# What to produce:
Everything from the first line of the data below through the line that contains "史努比·中纺鲁棉三件套 (花型:夏威夷之恋 ) 粉色" should be written out exactly, please, and nothing more; the pictures stay out.

++++++

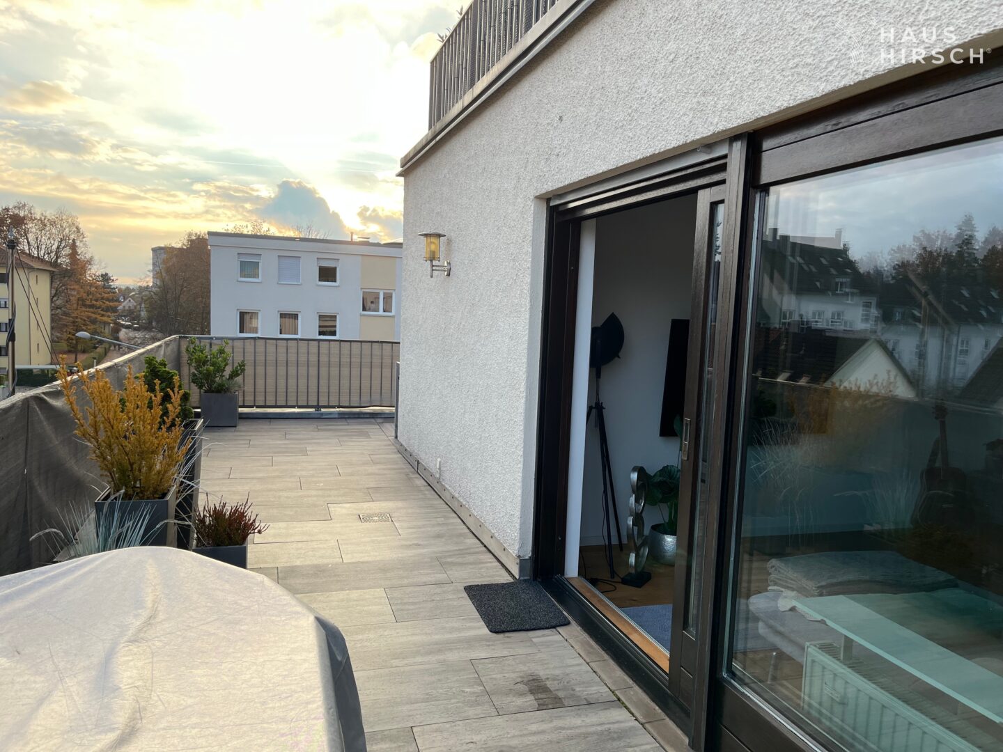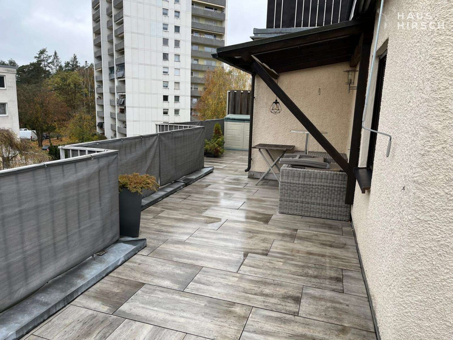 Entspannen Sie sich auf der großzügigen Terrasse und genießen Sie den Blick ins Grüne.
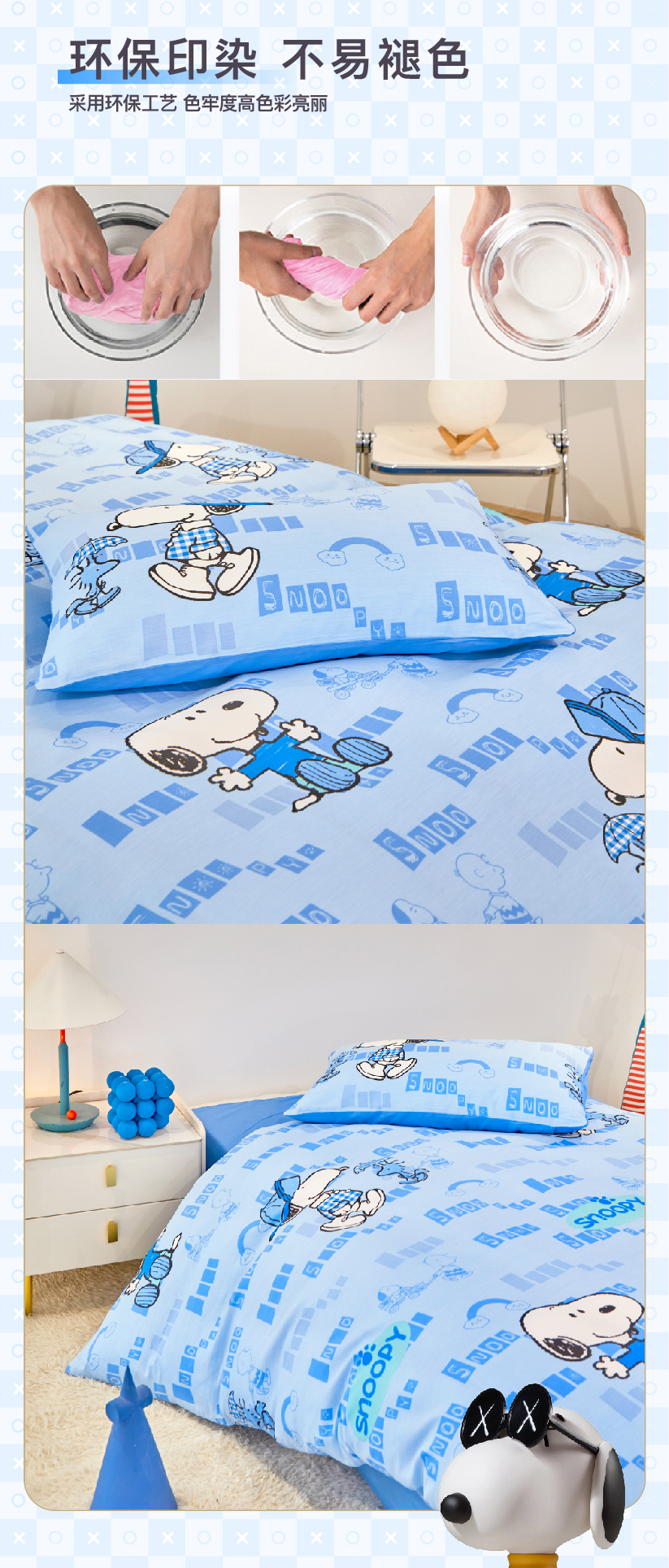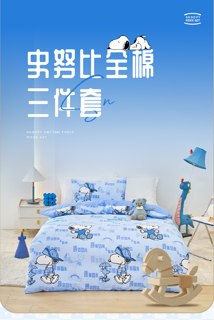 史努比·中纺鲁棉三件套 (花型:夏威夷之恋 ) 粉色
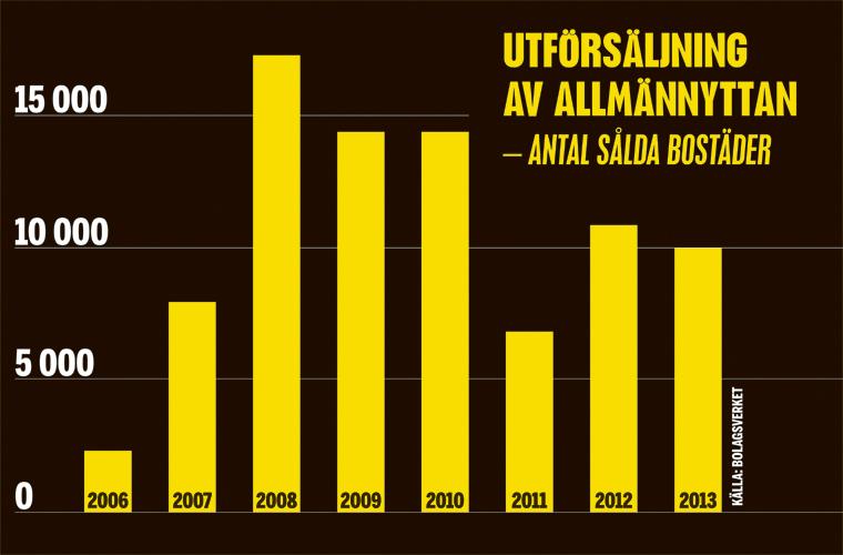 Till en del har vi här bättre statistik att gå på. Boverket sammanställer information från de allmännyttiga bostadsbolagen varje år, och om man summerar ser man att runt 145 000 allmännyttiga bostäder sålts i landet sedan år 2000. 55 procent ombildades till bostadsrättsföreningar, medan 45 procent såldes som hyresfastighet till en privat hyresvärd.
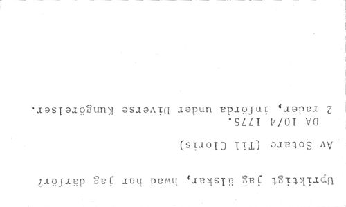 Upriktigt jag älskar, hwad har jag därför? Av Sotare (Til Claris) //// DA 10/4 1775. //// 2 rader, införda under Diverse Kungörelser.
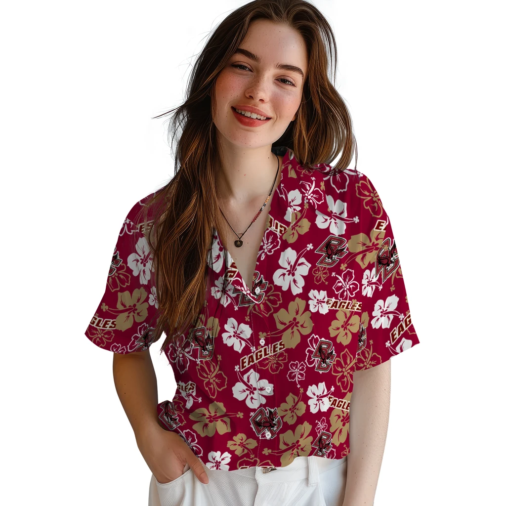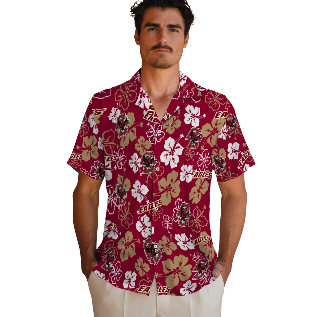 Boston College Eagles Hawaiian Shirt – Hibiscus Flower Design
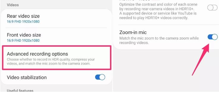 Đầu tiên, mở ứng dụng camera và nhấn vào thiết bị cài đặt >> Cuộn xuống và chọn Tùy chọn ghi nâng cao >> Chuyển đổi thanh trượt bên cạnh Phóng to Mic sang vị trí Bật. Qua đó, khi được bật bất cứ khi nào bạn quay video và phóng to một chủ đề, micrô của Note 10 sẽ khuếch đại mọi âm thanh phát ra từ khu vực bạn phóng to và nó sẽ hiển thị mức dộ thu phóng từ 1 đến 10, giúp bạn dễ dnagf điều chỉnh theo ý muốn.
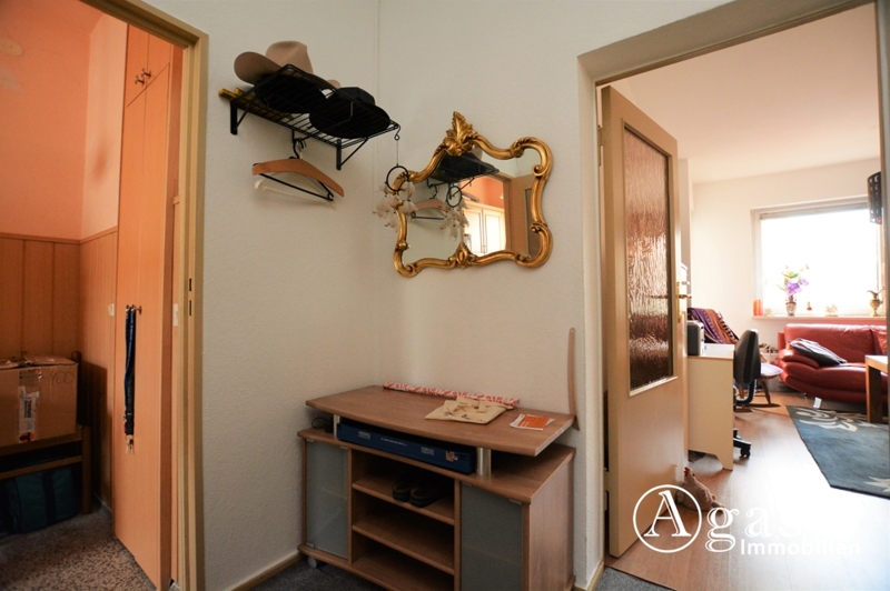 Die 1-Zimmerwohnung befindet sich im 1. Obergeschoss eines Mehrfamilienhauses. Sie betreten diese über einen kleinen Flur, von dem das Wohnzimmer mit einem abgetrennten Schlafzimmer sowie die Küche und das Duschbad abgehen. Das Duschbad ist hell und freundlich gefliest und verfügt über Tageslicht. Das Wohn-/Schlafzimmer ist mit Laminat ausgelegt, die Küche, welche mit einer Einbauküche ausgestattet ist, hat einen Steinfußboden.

++++++

# Output for this task:
 Entspannen Sie sich auf der großzügigen Terrasse und genießen Sie den Blick ins Grüne.
 史努比·中纺鲁棉三件套 (花型:夏威夷之恋 ) 粉色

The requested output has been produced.